Leeson’s face had turned from red to purple during my little speech. I knew I was mouthing off to an officer. He was only two steps ahead of me in rank, but he was my direct commander.
I opened my mouth again to apologize, but I never got the chance. Harris had seen his opportunity, and he’d jumped right in. He smashed me one on the head. A white light flashed, but I didn’t fall or pass out.

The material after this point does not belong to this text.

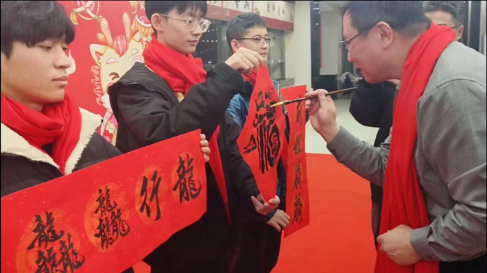 汪小帆为“祥龙”添上点睛之笔,浮云惊龙,万象新生,祝福虎扑nba事业越来越好,祝福师生平安康健。师生们用一幅幅春联、福字和年画表达迎接新年的喜悦。

Legion Varus operated to some degree like the Roman Legions of ancient times. Back then, any officer could execute a soldier for disobeying or disserting. Punishment was often physical including flogging and the like. I knew and understood all that, but I felt like killing Harris, anyway.
Harris knew it, too, but he didn’t back down. He didn’t apologize. He stepped up and gave me that crazy stare of his.
“You settled down yet, kid? Because if you haven’t you can just try it. I can see it in your eyes. I can—”
“Harris,” Graves said. “Step back, gentlemen.”